Andererseits seien Abgabe und Austausch durch die Pandemie durchaus erschwert worden. „Die Apotheken betreiben jeden Tag einen großen personellen und logistischen Aufwand, um ihre Patienten mit gleichwertigen Austauschpräparaten zu versorgen, wenn ein bestimmtes Medikament eines bestimmten Herstellers nicht lieferbar ist“, so Dittrich. „Seit Beginn der Corona-Pandemie vor mehr als einem Jahr ist das besonders herausfordernd, da zusätzlich auch noch die Kontakte reduziert, also wiederholte Apothekenbesuche vermieden werden sollten.“

Immerhin hat sich die Situation 2020 nicht weiter verschärft. Das Jahr zuvor sah das noch ganz anders aus: Da meldete das DAPI eine Verdopplung der Lieferengpässe auf 18 Millionen, von 9,3 Millionen im Vorjahr. Im Jahr 2017 lag die Zahl gar noch bei 4,7 Millionen Packungen. Die Zahl der zulasten der GKV abgegebenen Arzneimittelpackungen ist über den Zeitraum von 2017 bis 2019 relativ stabil bei rund 650 Millionen geblieben und erst im vergangenen Jahr auf 643 Millionen leicht gesunken. Zumindest teilweise könnte sich die geringfügige Abnahme der Lieferengpässe 2020 auch dadurch erklären. Laut Abda werden nur Rabattarzneimittel berücksichtigt, weil dort das Rezept entsprechend gekennzeichnet ist. Das wahre Ausmaß von Lieferengpässen werde deshalb sogar noch unterschätzt, so die Abda vergangenes Jahr.
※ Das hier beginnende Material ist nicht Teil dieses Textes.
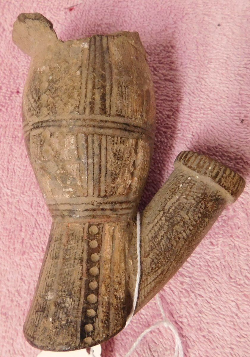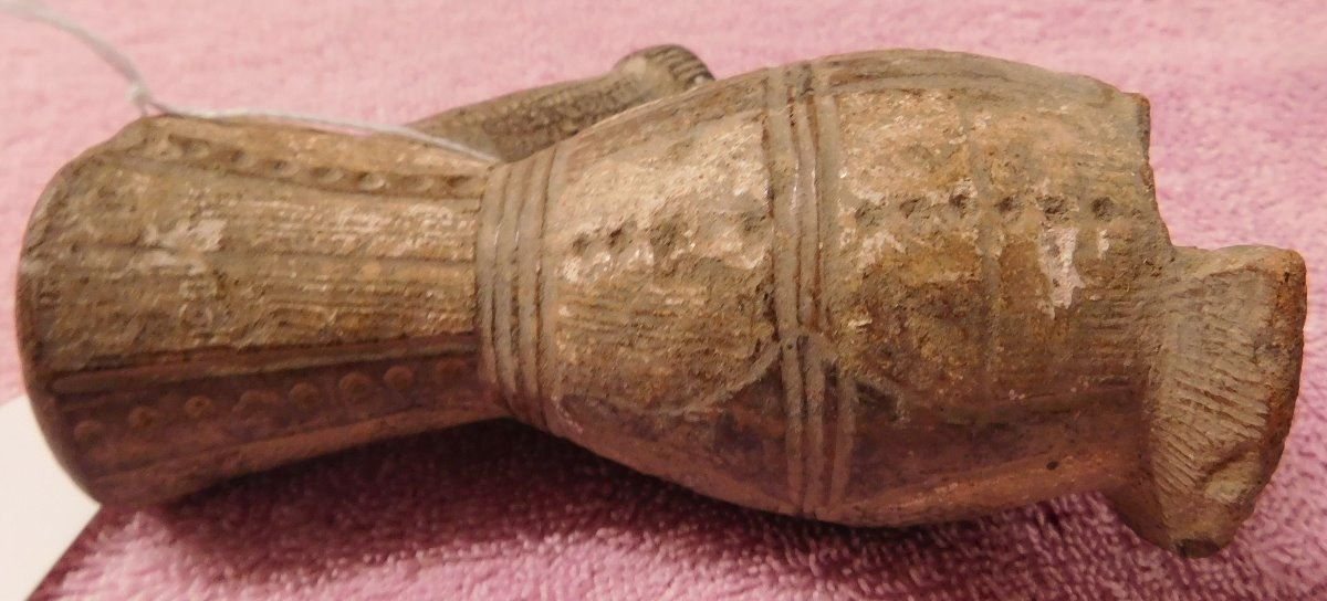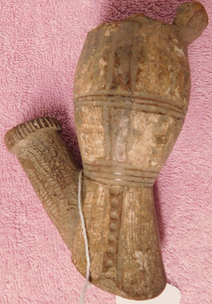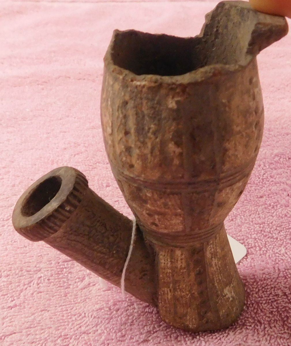 Pre-Historic African Pipe, circa 2000 years old made of clay and measuring 3" x 2.5" x 4.25". From Mali. Nice old pipe. Condition: Some lip damage with nice engraving, see images. Shipping: $22.00 w/insurance and signature.
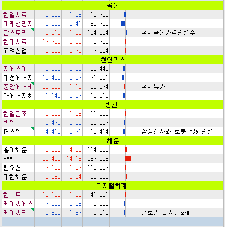 전쟁이 계속되면서 전쟁관련주, 방산, 원유, 곡물, 천연가스 등
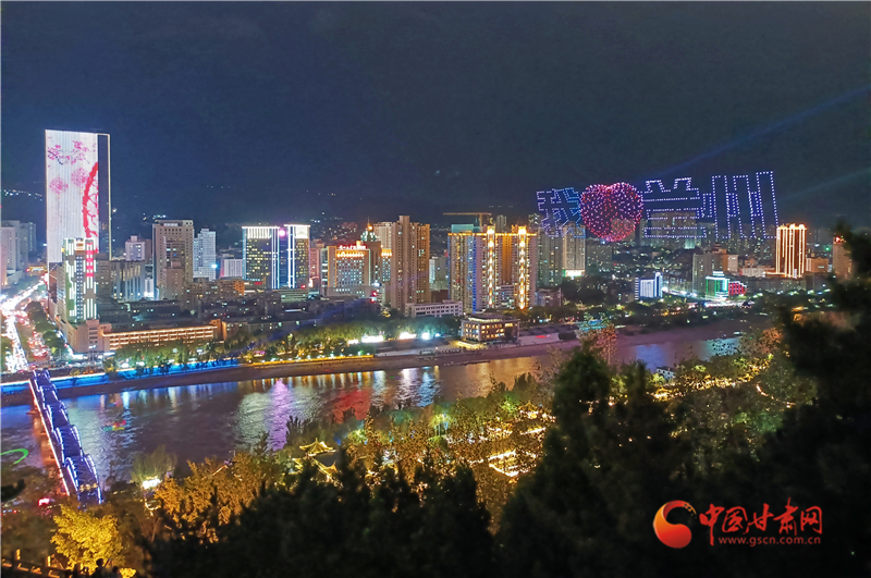 9月30日“黃河·印象”國慶大型無人機(jī)演出秀在黃河之濱上演 (宋芳科 攝)
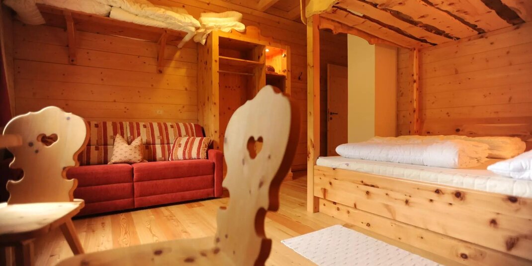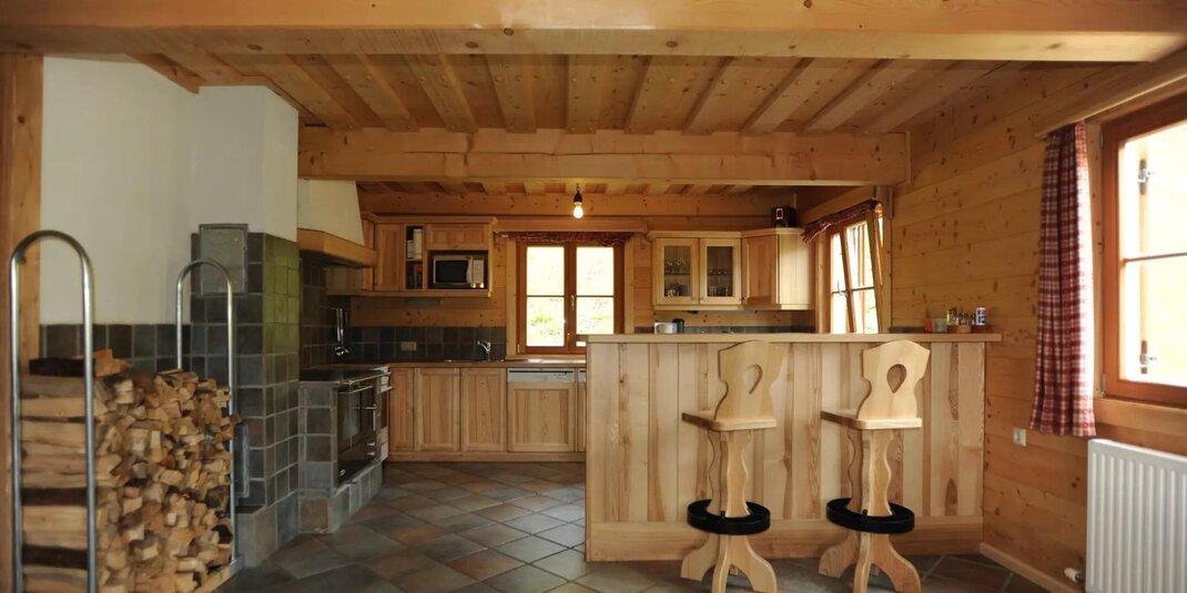 Naše chalupa Almstall je postavena ze dřeva a je velmi útulně zařízena.

Verschärft hat sich der Engpass im Vergleich zum Vorjahr bei Candesartan: 2019 konnten von dem Blutdrucksenker noch 1,8 Millionen Packungen nicht abgeben werden, rund 300.000 weniger als vergangenes Jahr. Auf den Plätzen danach hat sich seitdem alles geändert: 2020 folgten auf Candesartan noch das Gichtmittel Allopurinol mit 0,8 Millionen Packungen, Valsartan mit 0,8 Millionen Packungen sowie Venlafaxin mit 0,7 Millionen und Diclofenac mit 0,7 Millionen Packungen.

Mit dem Fairer-Kassenwettbewerb-Gesetz (GKV-FKG) hatte der Gesetzgeber im Frühjahr 2020 erste Maßnahmen gegen Lieferengpässe beschlossen. Pharmaunternehmen können demnach verpflichtet werden, über ihre Bestände und die Produktion bestimmter Arzneimittel zu informieren. Bei Engpässen können die Behörden anordnen, dass die Firmen oder Großhändler mehr dieser Präparate auf Vorrat lagern.